Беранже молчал, не понимая, что должен ответить Тому, на которого вдруг нашло непонятное настроение, и перебирая в мыслях всевозможные варианты того, почему арфист вдруг начал этот разговор, Билл стал побаиваться, что юноша вполне может подозревать и чувствовать то, что происходит на самом деле. То, что он так отчаянно пытается скрыть. Ощущая на себе ту дрожь, что пробегала по телу Дювернуа, Нарцисс понимал, что для такого волнения должны быть какие-то основания, помимо тех страхов, что терзали сердце Тома. И тогда в его мозгу возник самый действенный, и самый доступный способ успокоения, который – он знал наверняка – подействует сразу, и освободит ум его возлюбленного от неуместных мыслей.

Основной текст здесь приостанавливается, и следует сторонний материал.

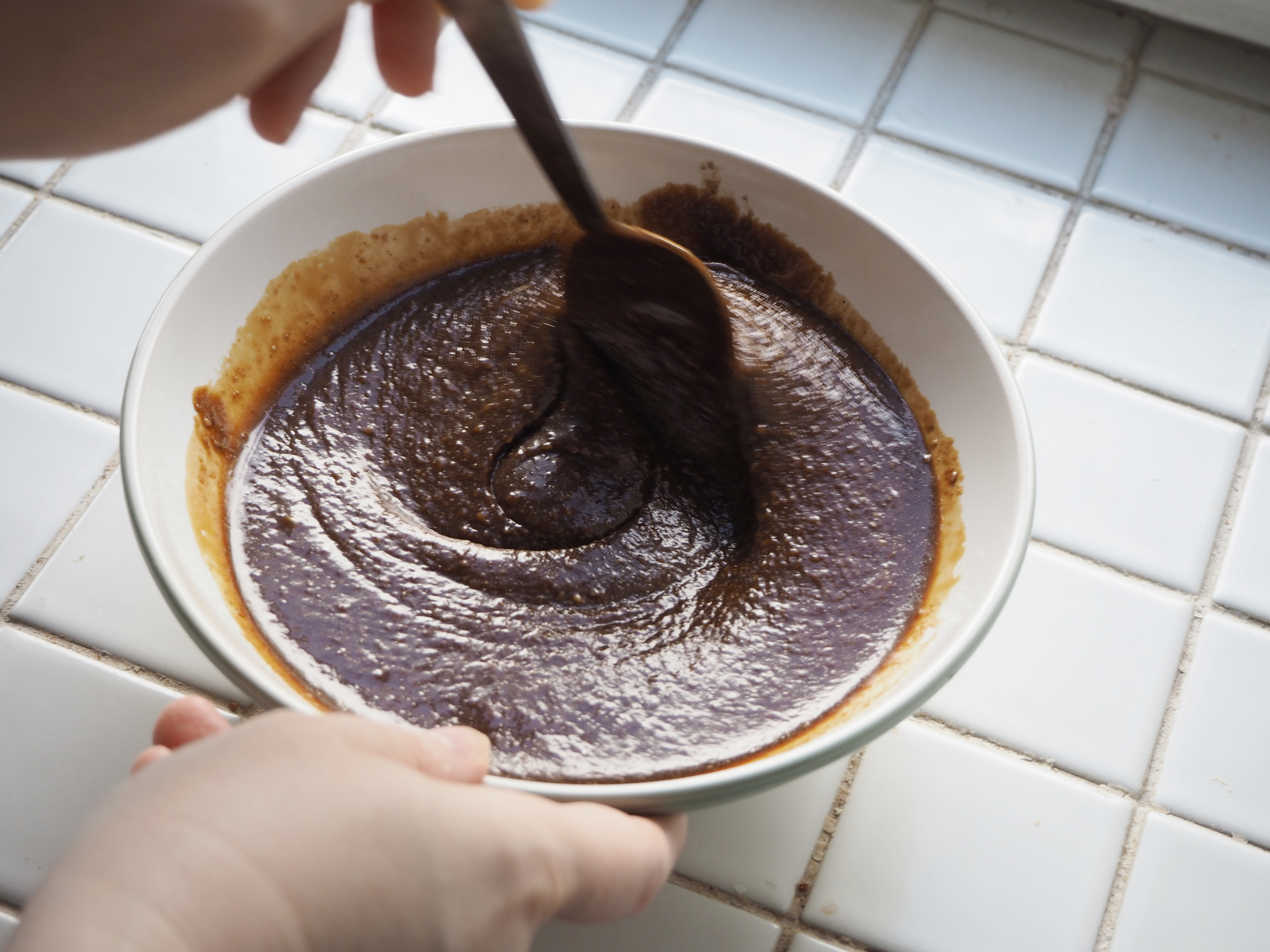 Just mix the ingredients with a spoon and that’s it! You can mix them well or you can make a swirling pattern.

http://youtu.be/bf5A58uXPBg Alizbar - The Island
Том продолжал говорить, но Гийом больше не намерен был слушать, а потому, не пытаясь согласиться с ним, или возразить, стал настойчиво и откровенно ласкать арфиста, постепенно оголяя желанное тело. Делал ли он это дабы успокоить разбушевавшееся воображение Дювернуа, или самому забыться в любви, Нарцисс не знал, но сейчас ему это было так же необходимо, как и дыхание. Целуя и поглаживая обветренные щёки своего любимого, он чувствовал, как боязнь неопределённости его отпускает, а долгое воздержание из-за неудобств в пути, отразилось на обоих влюблённых естественным образом, заставляя отвечать на нежность с удвоенным рвением. Ощутив горячие губы Тома на своей шее, а изящные руки, сжимающими бёдра, Гийом тихо простонал, боясь быть услышанным, и с ума сходя от разгорающегося огня, который ему всегда напоминала близость с арфистом. Каждое прикосновение слепого ангела разливало по телу жар, а одновременные резкие порывы внутрь и ласкающие движения рук, окутывали тело языками пламени, причиняя боль пополам с блаженством. Заветная бутылочка с маслом, которая всегда покоилась под подушкой, блеснула в руках Тома, когда он на ощупь стал откупоривать её, но Билл его остановил, меняясь с ним местами.
- Ты хочешь… - тихо начал Том, почувствовав, что любовник оказался сверху, и даже чуть раздвинул ноги в стороны, но Билл не позволил ему это сделать, зажимая его бёдра между своих.
- Я хочу так, - прошептал он в самые губы Тома, попутно покусывая их, и через пару мгновений в комнате раздался громкий стон, принадлежавший им обоим, а за ним последовали короткие, томные вздохи и всхлипывания, когда Гийом возобновил движения, опускаясь до конца на горячий член любовника. – Тише, милый, тише… - зашептал он, прикрывая приоткрытые уста Тома ладонью, тут же ощутив лизнувший её мокрый язычок, - нас так легко услышать… Тома…
Но он зря волновался, потому что за стенкой громко спорили женские голоса, а внизу, где была харчевня, ужинали несколько гвардейцев, и шумели они на всю гостиницу. Но опьянённому страстью и красотой Дювернуа Биллу казалось, что весь мир сосредоточен вокруг них, в этой убогой комнатке, которая сейчас была для него раем.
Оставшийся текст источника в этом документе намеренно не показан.